Home Partners offers programs with a little more flexibility, where there are fixed rental rate and purchase options for a period of time. Through their Choice Lease program, there are no financial penalties or non-refundable deposits for residents who choose not to purchase the home. Their model is more of the standard lease model, and through Choice Lease, offers 10% lower rent than market rates. You need to apply and meet certain income eligibilities for the Choice Lease program. Their standard lease model provides rents at market value.
“If the cost of the rent-to-own option is not based around a higher-than-market rate on rent or end financing of a home, then it should be considered as an option to buy real estate,” DiBugnara adds. He also recommends taking a look at home-buying grants or city and state programs that help first-time homebuyers first.

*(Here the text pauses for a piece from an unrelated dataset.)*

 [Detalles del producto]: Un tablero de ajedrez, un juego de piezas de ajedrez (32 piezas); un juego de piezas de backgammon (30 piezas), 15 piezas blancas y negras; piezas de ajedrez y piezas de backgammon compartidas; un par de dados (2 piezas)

Real Estate Inventory Still Presents Problems for the Housing Market
The past two years have shown that affordability has not necessarily been the problem for home buyers, but rather inventory.
Said housing shortage has been largely caused by a population exodus from city centers to suburbia during the pandemic. Suburban homes were selling faster than buyers had a chance to even mull over their decisions, and well above asking price.

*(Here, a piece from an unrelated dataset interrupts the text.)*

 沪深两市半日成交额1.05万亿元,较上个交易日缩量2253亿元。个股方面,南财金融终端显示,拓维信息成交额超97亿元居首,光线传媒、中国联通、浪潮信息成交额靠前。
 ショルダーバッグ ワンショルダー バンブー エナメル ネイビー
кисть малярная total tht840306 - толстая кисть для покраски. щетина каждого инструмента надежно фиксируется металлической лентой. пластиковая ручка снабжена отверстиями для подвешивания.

The housing market of 2021 will likely go down in history as one of the most frenzied real estate markets ever. Crystal Sunbury, senior real estate analyst with audit, tax, and consulting company RSM, detailed to GOBankingRates that the median price for a home increased 13.9% from November 2020 to November 2021 — to $353,000 — with homes selling in 18 days on average.

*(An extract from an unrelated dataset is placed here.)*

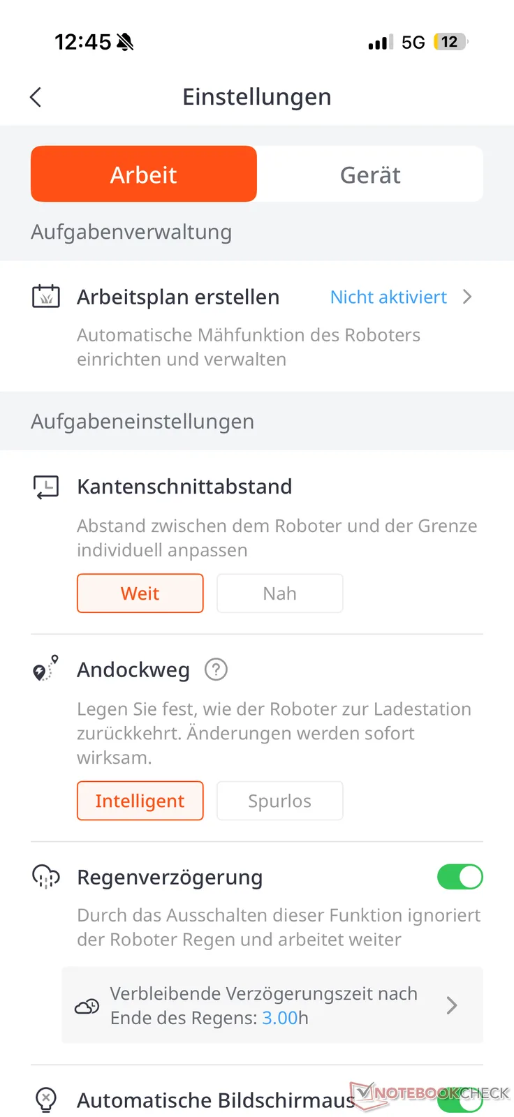 Avståndet till gräsmattans kant kan ställas in i appen mellan "Långt" och "Nära". Enligt vår praktiska erfarenhet är det cirka 5 till 10 cm för jämna övergångar med hårda kanter. Om övergången mellan gräsmattan och t.ex. rabatter utan kanter är slät kan avståndet vara ännu större. I vilket fall som helst (som med många andra robotgräsklippare) kräver detta ibland manuell efterbearbetning - särskilt eftersom avståndet mellan klippskivan och maskinens kant är ytterligare 8 cm.

The preferences of an aging millennial population have also shifted market preferences, and Wall Street is taking notice. Paraag Sarva, CEO of renter-focused financial services company Rhino, says Millennials and Gen Zers do not see traditional homeownership as a realistic or responsible financial decision anymore and that “there are other ways to accumulate wealth that were unavailable to their parents, such as hitting the stock market via accessible mobile apps and investing in alternative currencies.” Alongside the surging price of home purchases, the price of rent also rose this year, Sarva notes.
“With the cost of rent dramatically increasing over the past year or so, we can expect to see the real estate market continue to follow a trend of renting-to-buy,” he concluded.
The supply of single-family homes dwindled during the pandemic, but that does not mean demand for them has waned. “Single-family home rentals have become more popular than ever post-COVID. Many more people want either more space for work or school from home. Some are also living like nomads with the benefits their new virtual jobs provide them,” DiBugnara adds. This continued need for single-family homes suggests that the rent-to-buy market has the potential to stick around — and to expand. If Blackstone’s recent $6 billion bet is any indication, other investment firms may soon follow suit.
For the average consumer, this circumstance could mean finding alternative ways of landing their dream home in the next couple of years. While the home you might have wanted last year could have gotten snatched up in less than a month, with a rent-to-buy option you might be able to find what you are looking for more easily.
For qualified buyers, such a scenario could potentially offer more options — perhaps even an opportunity to “try the home on for size” before making a solid commitment. If rents remain elevated or continue to increase, then the difference between rent paid on a regular home versus the added equity payment in a rent-to-buy arrangement might be modest enough to make rent-to-buy an attractive value proposition.